» Assignment
Nothing but the lines from the one containing "These tablets of" through the last line of the data below should be returned, each exactly as it stands, pictures excluded.

» Data section

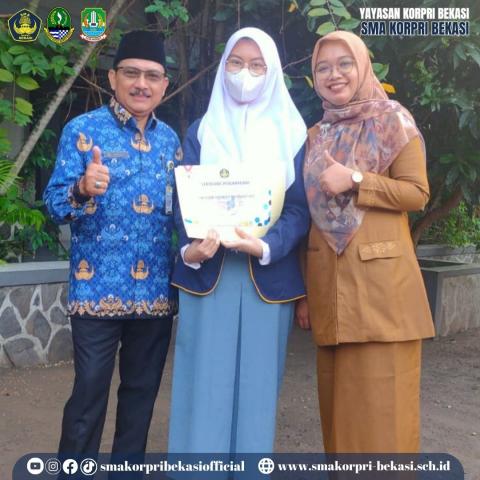 “Selamat kepada ananda Natasha Arsanty Widyahapsari, perwakilan dari SMA KORPRI Bekasi yang berhasil masuk ke OSN tingkat Nasional 2023 untuk bidang Kebumian mewakili Kota Bekasi dan Provinsi Jawa Barat,” ungkap Kepala SMA Korpri Bekasi Drs.Hery Sujiyanto, M.Pd dengan penuh bangga kepada siswinya.
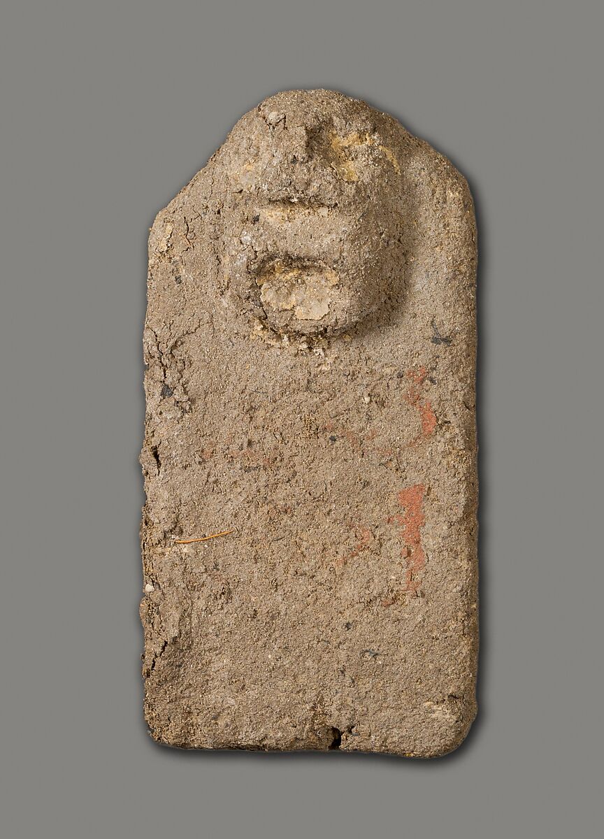 These tablets of unfired clay with attached crude faces were found as a group by the Museum's excavators at Lisht South in loose surface sand west of the mastaba of Senwosretankh, a high official and possibly the architect of the pyramid complex of Senwosret I (ca. 1961–1917 B. C.), east of which he erected his own very elaborate mastaba tomb (see acc. nos. 33.1.2 and other pieces). The mud figures and little coffin (acc. no. 33.1.66) that had contained some of them must have been buried, however, considerably later than the early twelfth dynasty tomb close to which they were found. In fact, during the thirteenth and following dynasties people deposited a number of objects in the by then sacred area around a legendary ruler's pyramid and its dependant monuments, believing conceivably that potent magical powers could thus be released. These flat mud figures, for instance, are inscribed in now much-faded red paint with the names of men identified as enemies (most of them Egyptians but some with foreign names). Their deposition may have been thought to effect their destruction.
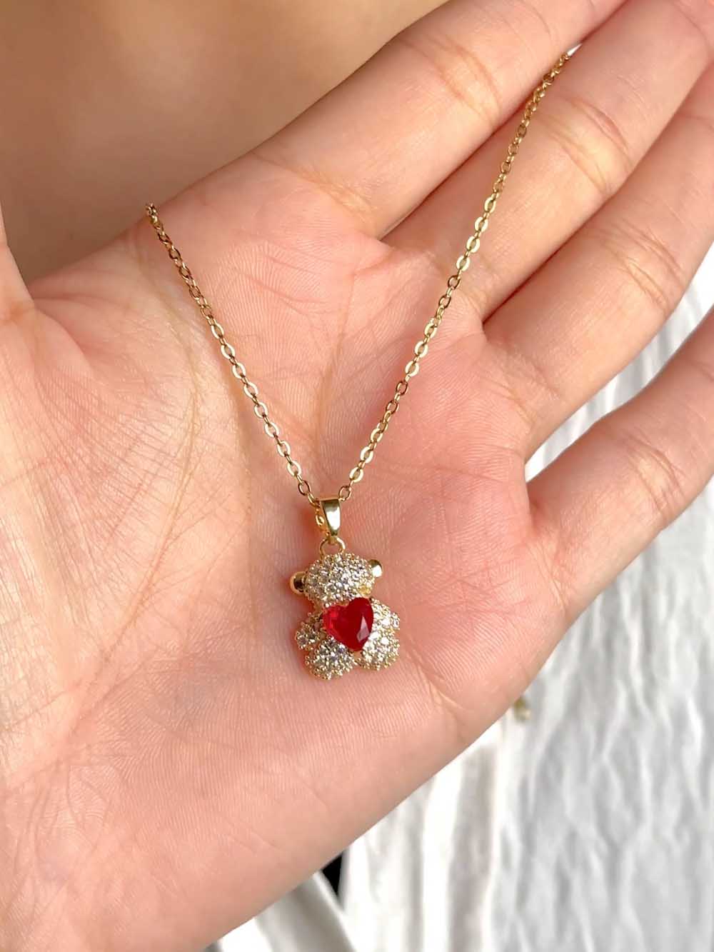 Collier mignon en acier inoxydable, orné d’un pendentif ourson contenant un petit cœur rouge.

» Your solution
 These tablets of unfired clay with attached crude faces were found as a group by the Museum's excavators at Lisht South in loose surface sand west of the mastaba of Senwosretankh, a high official and possibly the architect of the pyramid complex of Senwosret I (ca. 1961–1917 B. C.), east of which he erected his own very elaborate mastaba tomb (see acc. nos. 33.1.2 and other pieces). The mud figures and little coffin (acc. no. 33.1.66) that had contained some of them must have been buried, however, considerably later than the early twelfth dynasty tomb close to which they were found. In fact, during the thirteenth and following dynasties people deposited a number of objects in the by then sacred area around a legendary ruler's pyramid and its dependant monuments, believing conceivably that potent magical powers could thus be released. These flat mud figures, for instance, are inscribed in now much-faded red paint with the names of men identified as enemies (most of them Egyptians but some with foreign names). Their deposition may have been thought to effect their destruction.
 Collier mignon en acier inoxydable, orné d’un pendentif ourson contenant un petit cœur rouge.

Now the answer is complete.